**What the task requires:**
Output the first line of the listing and each line after it, up to and including the line that contains "近年來,為獲得更高組件功率以", exactly as written, minus the pictures.
____________________
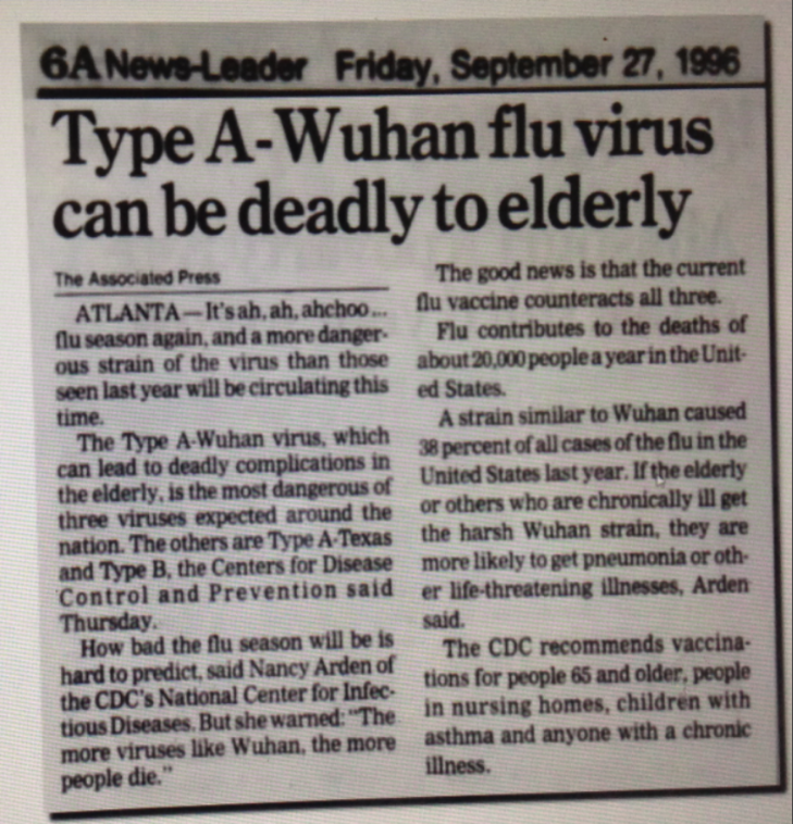 Type A #Wuhan FLU #Virus September #27 1996 can be deadly to elderly
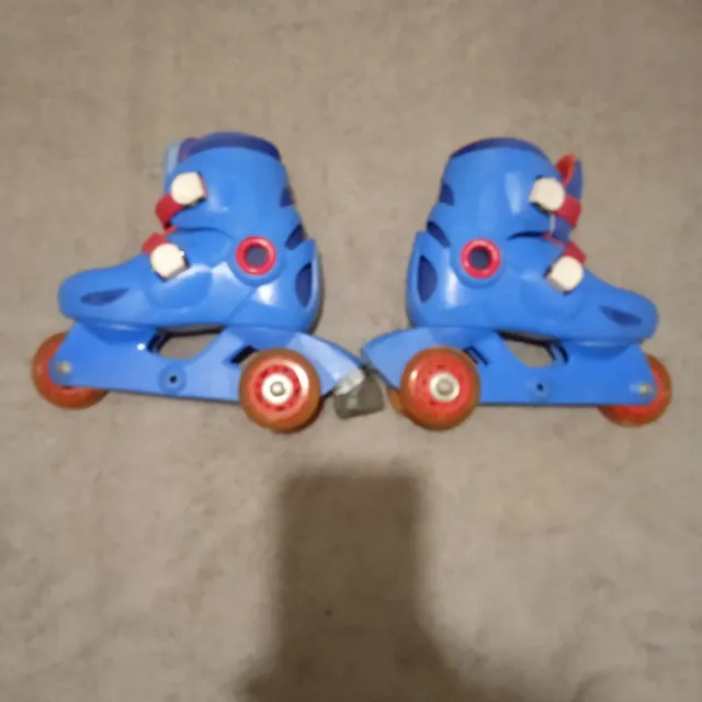 Patines en línea de color azul, diseñados para niñ@s. - Talla 26-27. - Color azul vibrante. - Cierre con velcro y hebilla. - Ruedas de goma.
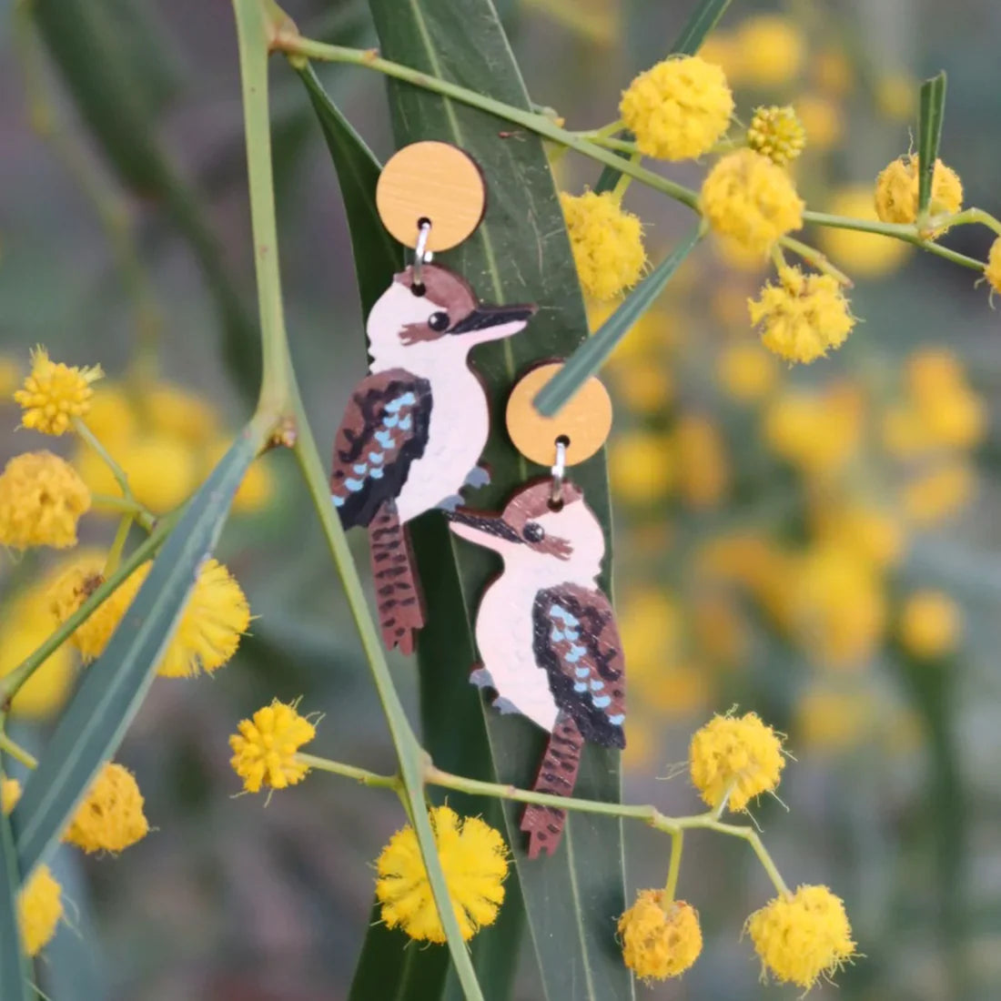 Compliments will be flying as you wear these beautiful, light weight Kookaburra earrings! The perfect gift for travellers seeking an Aussie souvenir, or a surprise gift for a friend (or even better... yourself!) All jewellery charms are printed on 3mm FSC Certified Birch Plywood and laser cut to shape. Earring posts are surgical stainless steel for sensitive ears.
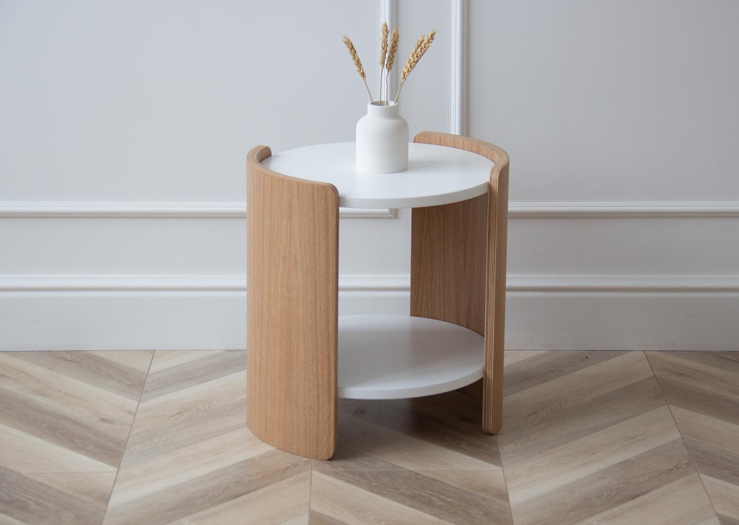 Мебель Ellipsefurniture Столик Lagom D 43 см высота 45 см (белый, натуральный дуб) арт. LG010301560201
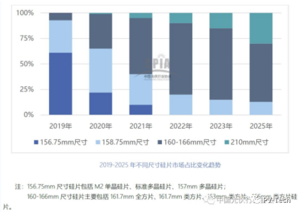 近年來,為獲得更高組件功率以降低單位成本,企業(yè)紛紛發(fā)布158.75mm、161.7mm、163mm、166mm以及210mm 等大尺寸硅片,且逐步投入到下游制造中。據(jù)CPIA數(shù)據(jù)顯示,未來5年,156.75mm將逐漸淡出市場,160~166mm尺寸占比將逐步上升。
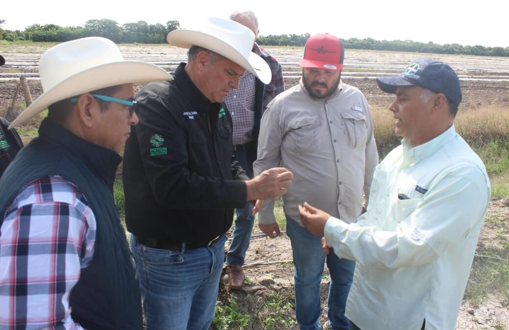 El titular de la Sedarh, Jorge Luis Díaz Salinas, informó que, por instrucción del gobernador Ricardo Gallardo Cardona de apoyar sin límites a productores, recorrió los ejidos Nuevo Ahuacatitla, Los Huastecos, San José de Limón y el rancho El Gargalote, en Tamuín, donde constató los daños ocasionados por el desbordamiento de los ríos Moctezuma y Tampaón en cultivos de papaya, sandía, melón y hortalizas, además de recabar las necesidades de los agricultores.
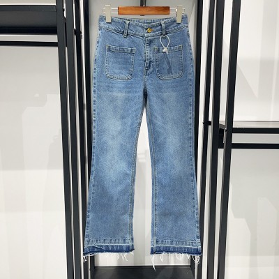 Early spring classic washed blue fringed snake button cotton denim slim fit cropped pants
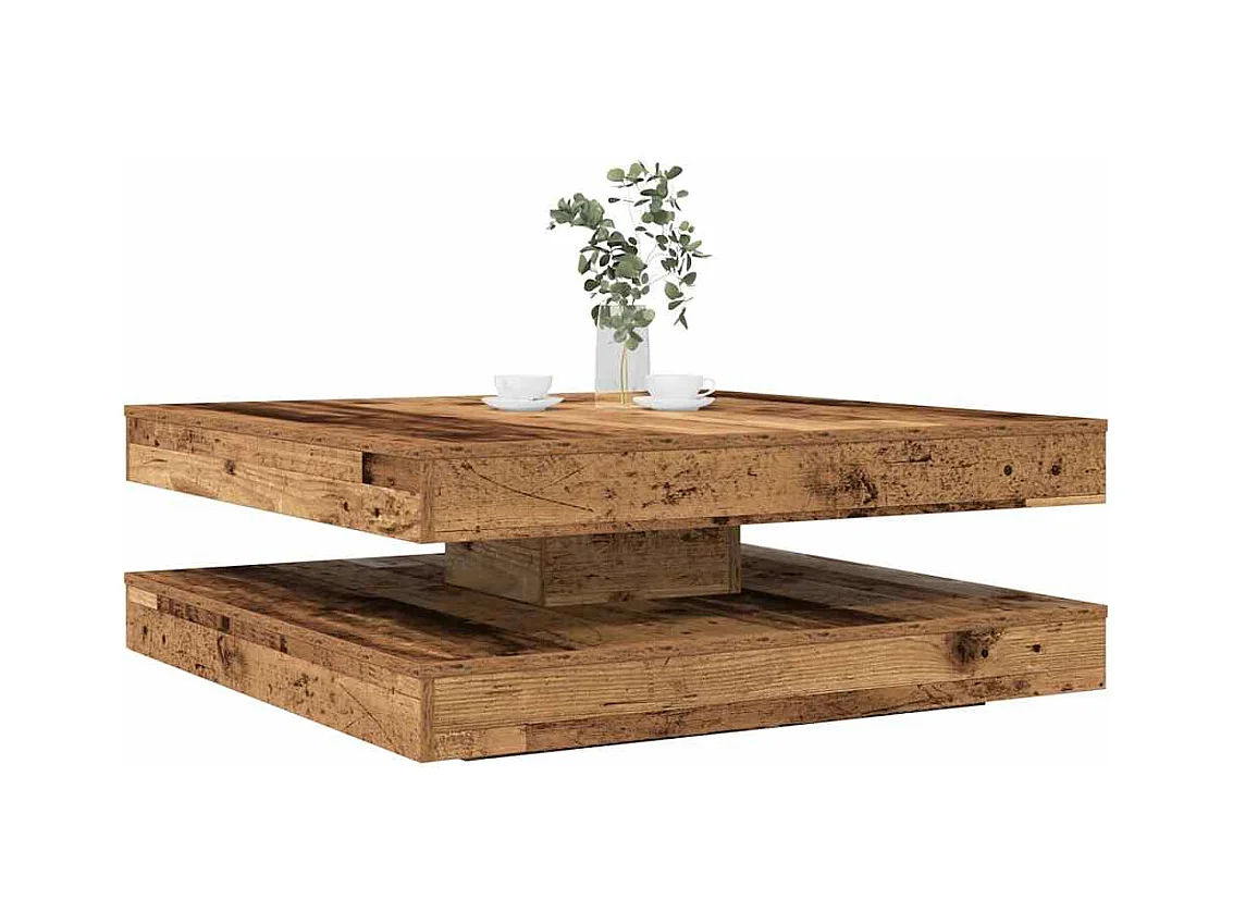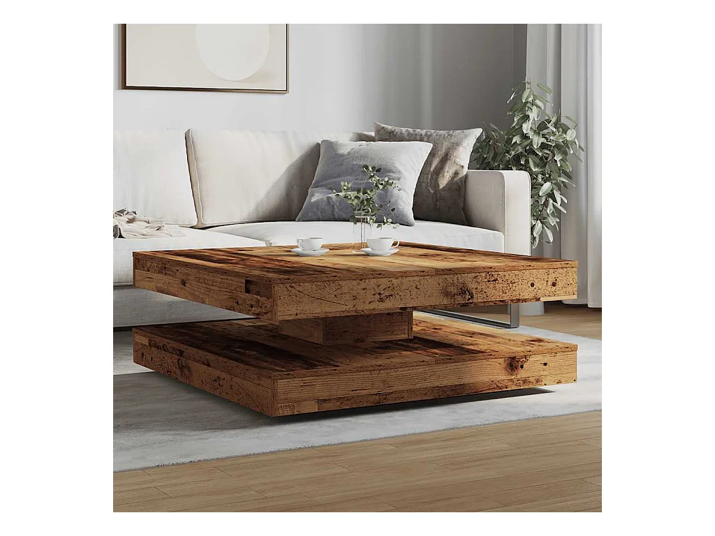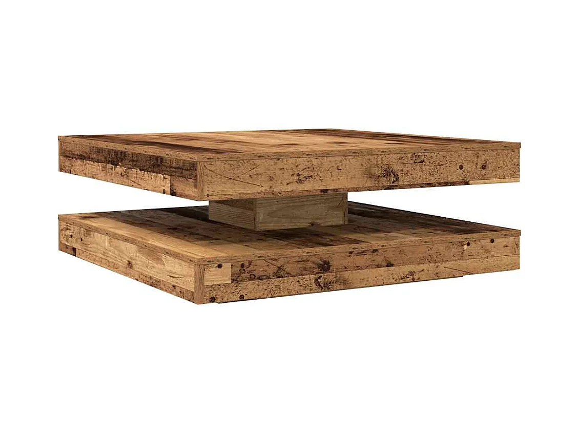 Table basse rotative à 360 degrés vieux bois 90x90x34,5 cm
____________________
**Response for this exercise:**
 Type A #Wuhan FLU #Virus September #27 1996 can be deadly to elderly
 Patines en línea de color azul, diseñados para niñ@s. - Talla 26-27. - Color azul vibrante. - Cierre con velcro y hebilla. - Ruedas de goma.
 Compliments will be flying as you wear these beautiful, light weight Kookaburra earrings! The perfect gift for travellers seeking an Aussie souvenir, or a surprise gift for a friend (or even better... yourself!) All jewellery charms are printed on 3mm FSC Certified Birch Plywood and laser cut to shape. Earring posts are surgical stainless steel for sensitive ears.
 Мебель Ellipsefurniture Столик Lagom D 43 см высота 45 см (белый, натуральный дуб) арт. LG010301560201
 近年來,為獲得更高組件功率以降低單位成本,企業(yè)紛紛發(fā)布158.75mm、161.7mm、163mm、166mm以及210mm 等大尺寸硅片,且逐步投入到下游制造中。據(jù)CPIA數(shù)據(jù)顯示,未來5年,156.75mm將逐漸淡出市場,160~166mm尺寸占比將逐步上升。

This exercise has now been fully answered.